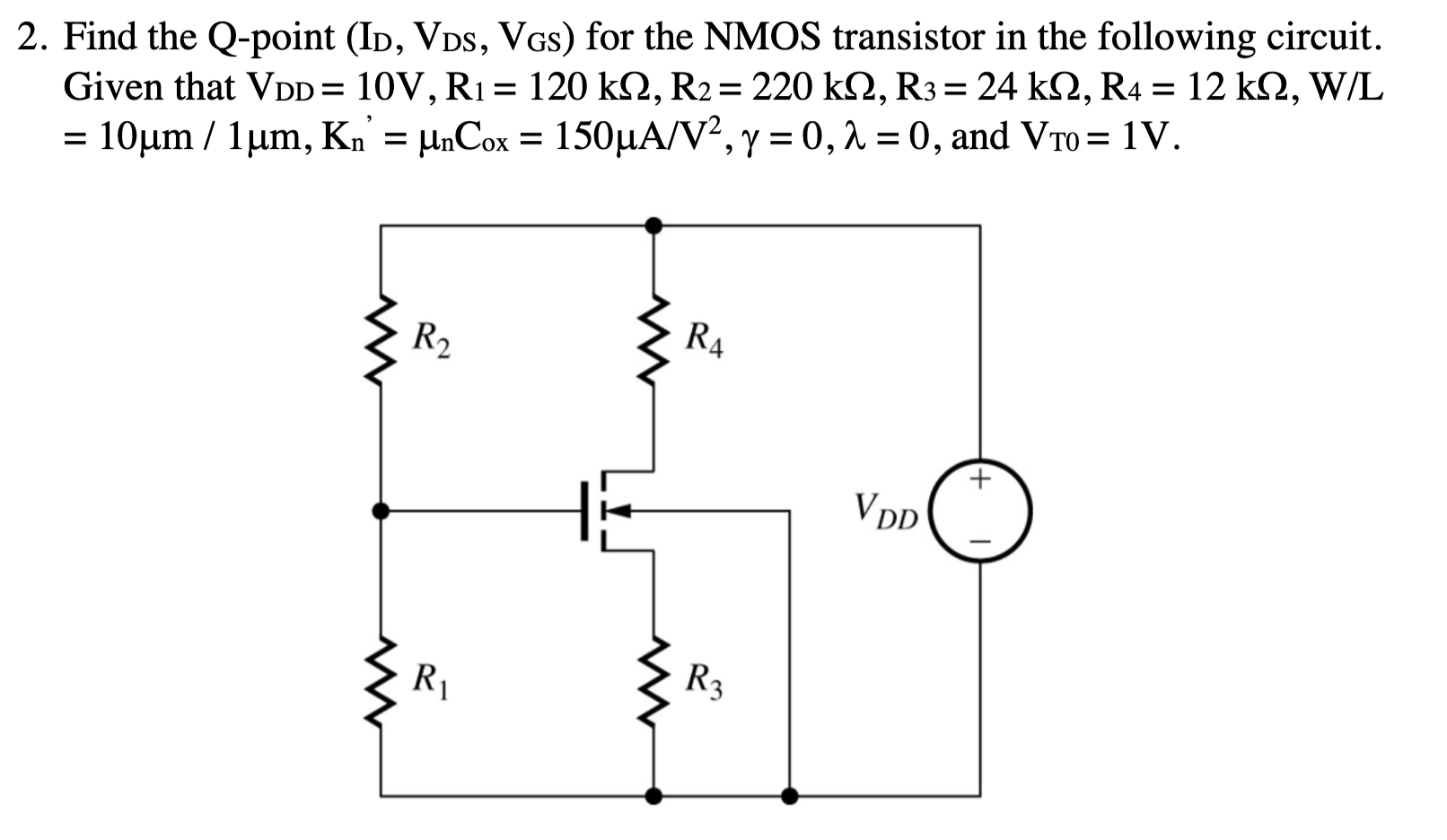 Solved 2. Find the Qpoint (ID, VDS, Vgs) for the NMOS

..........

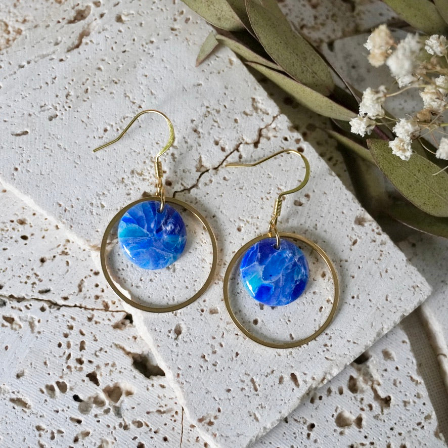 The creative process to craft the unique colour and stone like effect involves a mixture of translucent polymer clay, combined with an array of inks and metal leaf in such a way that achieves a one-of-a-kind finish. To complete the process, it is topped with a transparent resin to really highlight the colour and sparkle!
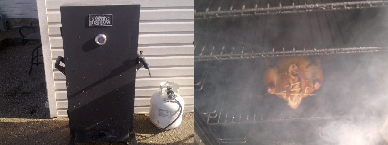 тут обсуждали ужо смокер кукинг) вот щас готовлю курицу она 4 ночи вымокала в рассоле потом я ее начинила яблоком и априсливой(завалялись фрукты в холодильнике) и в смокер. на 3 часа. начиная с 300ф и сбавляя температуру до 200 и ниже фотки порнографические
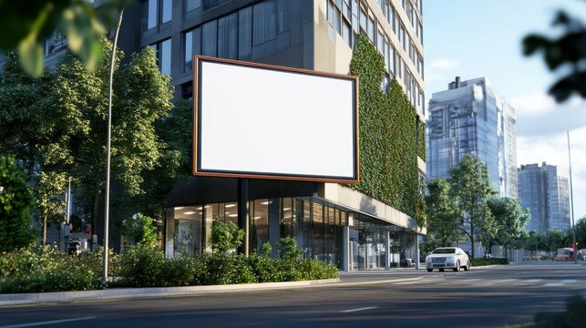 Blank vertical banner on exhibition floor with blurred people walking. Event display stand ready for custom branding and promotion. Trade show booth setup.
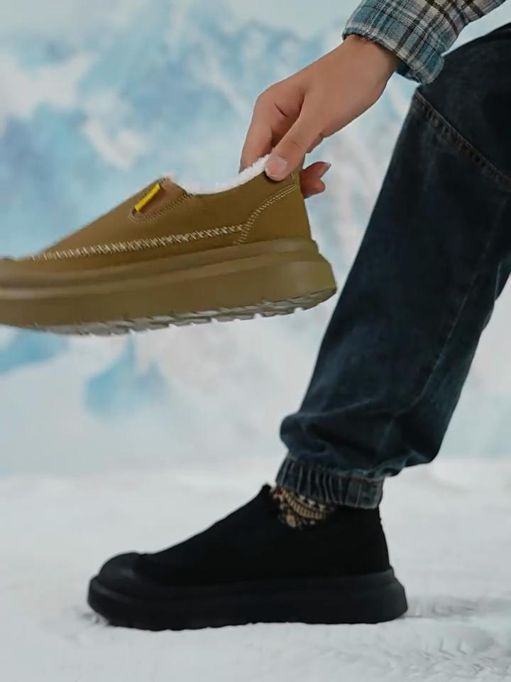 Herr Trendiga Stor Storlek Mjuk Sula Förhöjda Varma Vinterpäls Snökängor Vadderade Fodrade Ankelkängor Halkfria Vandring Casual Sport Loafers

..........

* Your goal: An exact copy is needed. It runs from the line above containing "Blank vertical banner" down to the line containing "Herr Trendiga Stor", both included, with no pictures.

* Output for this exercise:
 Blank vertical banner on exhibition floor with blurred people walking. Event display stand ready for custom branding and promotion. Trade show booth setup.
 Herr Trendiga Stor Storlek Mjuk Sula Förhöjda Varma Vinterpäls Snökängor Vadderade Fodrade Ankelkängor Halkfria Vandring Casual Sport Loafers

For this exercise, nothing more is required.